Sender ID is used to detect spoofing. A spoofed email message is modified to appear as if it originates from a sender other than the actual sender of the message. In the past, it was relatively easy to send spoofed email messages, because the sender's email address in the message header wasn't validated. Sender ID uses the RECEIVED SMTP header and a query to the DNS records for the sender's domain to determine if the sender's email address is spoofed. Sender ID in Exchange Server 2016 is provided by the Sender ID agent, and is basically unchanged from Exchange Server 2010.

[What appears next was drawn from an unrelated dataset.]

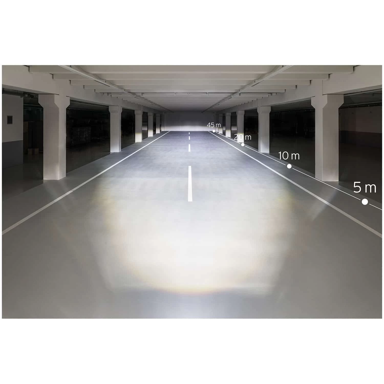 mit 150 Lux entwickelt. Dadurch wird die Fahrbahn mit einem breiten, weiten und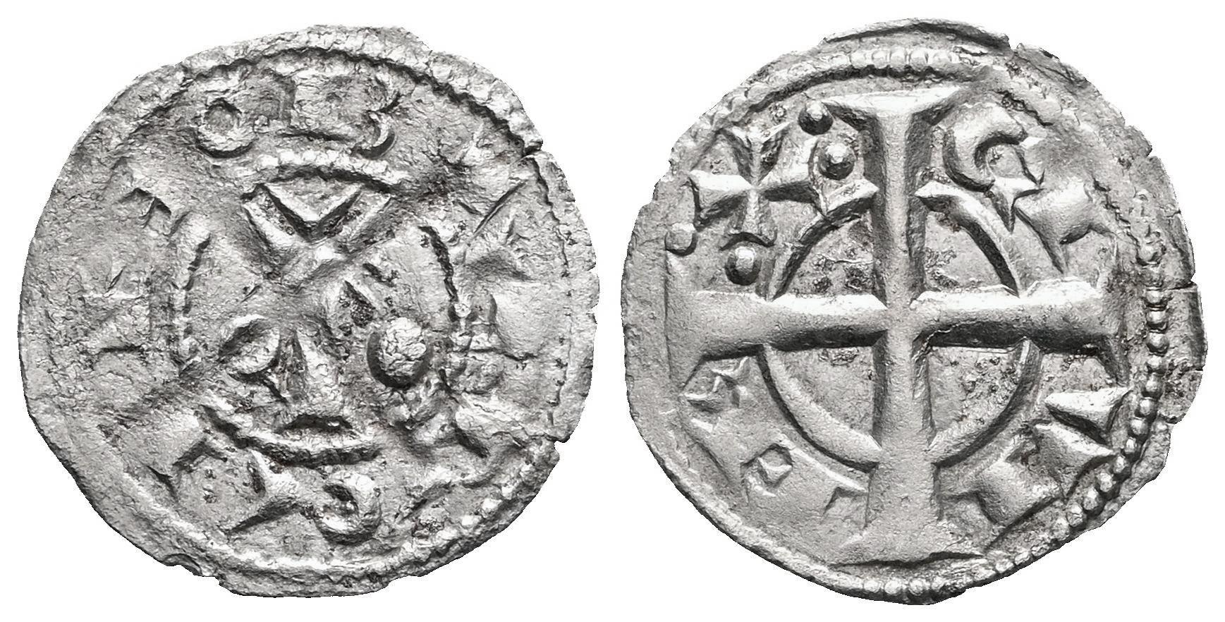 Corona de Aragón. Alfonso I (1109-1126). Óbolo. Barcelona. (Cru V.S-297). (Cru C.G-2101). Anv.: BARQINO. Rev.: CI / VI / RE / :X:. Ve. 0,41 g. MBC/EBC-. Est...80,00.

By default, the Sender ID agent is enabled on Edge Transport servers, but you can enable it on Mailbox servers. For more information, see Enable antispam functionality on Mailbox servers.
For more information about how to configure the Sender ID agent, see Sender ID procedures.
Using Sender ID to combat spoofing
When the Exchange server receives an inbound message, the Sender ID agent verifies the sender's IP address by querying the DNS records for the sender's domain. This check confirms that the message was received from an authorized IP address for the sender's domain. The IP address of the authorized sending server is referred to as the purported responsible address (PRA).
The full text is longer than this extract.